"We are confident we are treating our customers fairly and with integrity," says an HSBC North America spokesman in today's New York Times article (by John Collins Rudolf) about garnishing the pay of consumers who owe the bank for credit-card or other personal loan debt.
The spokesman's definition of "fairly and with integrity" appears to be slightly different from mine.
In the specific case reported, a 45-year-old Virginia maintenance worker took out a $4097 personal loan in 2001 from a subprime lender now owned by HSBC. He fell behind on the payments, and was taken to court. Since he failed to appear ("I just thought they were going to take what I owed," he is quoted as saying), the lender was awarded a judgment of more than $5500 (including lawyers' fees), with debt to accrue at 27.55% until paid in full. By 2003, the bank was garnishing his wages, and continued to do so over the next six years, deducting more than $10,000 from his earnings ... and the end of which he still owed the company nearly $4,000, "a sum," Rudolf notes in the article, "nearly equal to the original loan amount."
"Dale Pittman, a consumer law lawyer in Petersburg, Va., took ... [this] case without charge, and found that all but $134 of his [client's] payments had gone toward interest, fees and court costs. 'It's a perfectly legal result under Virginia law,' Mr. Pittman said."
Does this really sound like treating a customer "fairly and with integrity"? To me, it sounds more like "usury" or even "loan-sharking".
I'm not suggesting that Mr. Pittman's client's debt should have been forgiven as soon as he fell behind.

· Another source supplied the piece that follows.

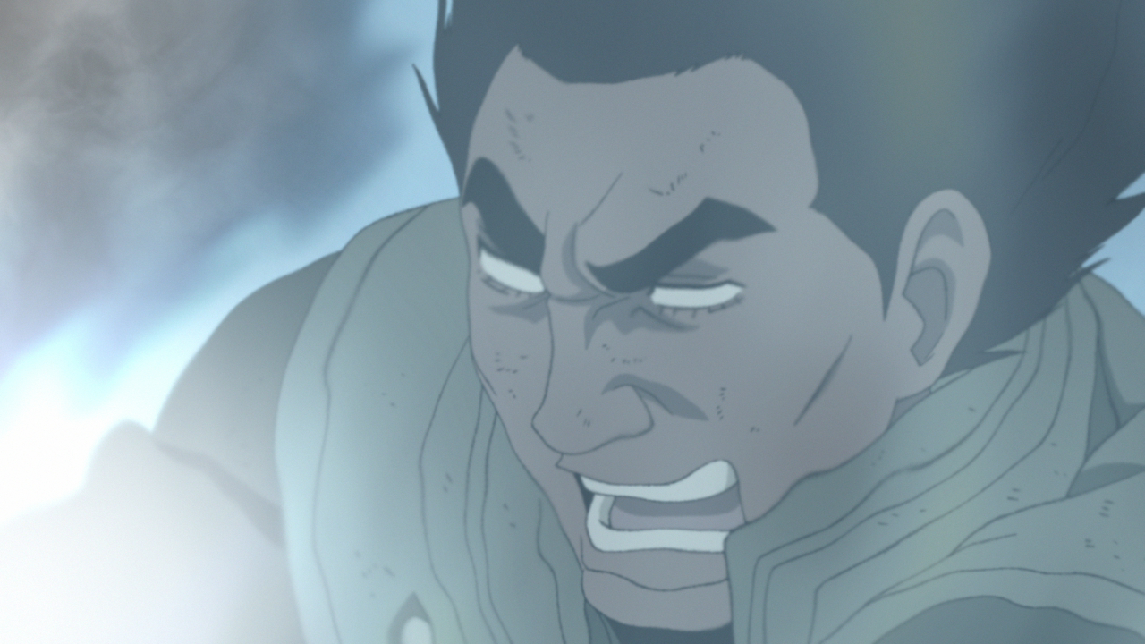 Mettant toute la force de son corps et de l'âme dans un coup de pied qui plie l'espace lui-même, Guy fait un coup de pulvérisation sur son adversaire précédemment invincible ! !!!!

Fiscal responsibility is important; most of us struggle, but manage, to owe no more than we can afford to pay. But it's also important to recognize, and allow for, the power differential in the lender / borrower relationship, and especially to recognize that circumstances can change fast.
In the current Great Recession, there are millions of people falling behind on credit-card bills, mortgage payments, home-equity loans, and other bills, not because of some terrible moral failing on their part, but because it had never occurred to them that they could be out of work for so long, or that their homes' values could have fallen so far. The bank's first step should have been to find out why Mr. Pittman's client had fallen behind on his payments -- did he have an accident that kept him from working for a week or a month? did a child become severely ill? did he underestimate the size of his income-tax refund? did he play the ponies with money that was supposed to have gone to bank payments?
Any of those events could have affected his ability to pay; not all of them are morally questionable.
To add insult to injury for the working poor, a former last resort -- declaring personal bankruptcy -- has become increasingly difficult, and expensive. Rudolf notes that "sweeping changes to federal law in 2005 -- pushed by the banking lobby -- complicated the process and more than doubled the average cost of filing, to more than $2000. Many low-income debtors must save for months before they can afford to go broke."
Despite the tightening, the recession has had its expected effect: "More Americans filed for bankruptcy protection in March than during any month since the federal personal bankruptcy law was tightened in October 2005, ...a result of high unemployment and the housing crash," with federal courts reporting nearly 7000 filings a day, up 35% from February, according to Duff Wilson's article in today's New York Times.
So which is the more immoral: the consumer falling behind through no fault of his own, or the banker garnishing his wages to the tune of 27.55%?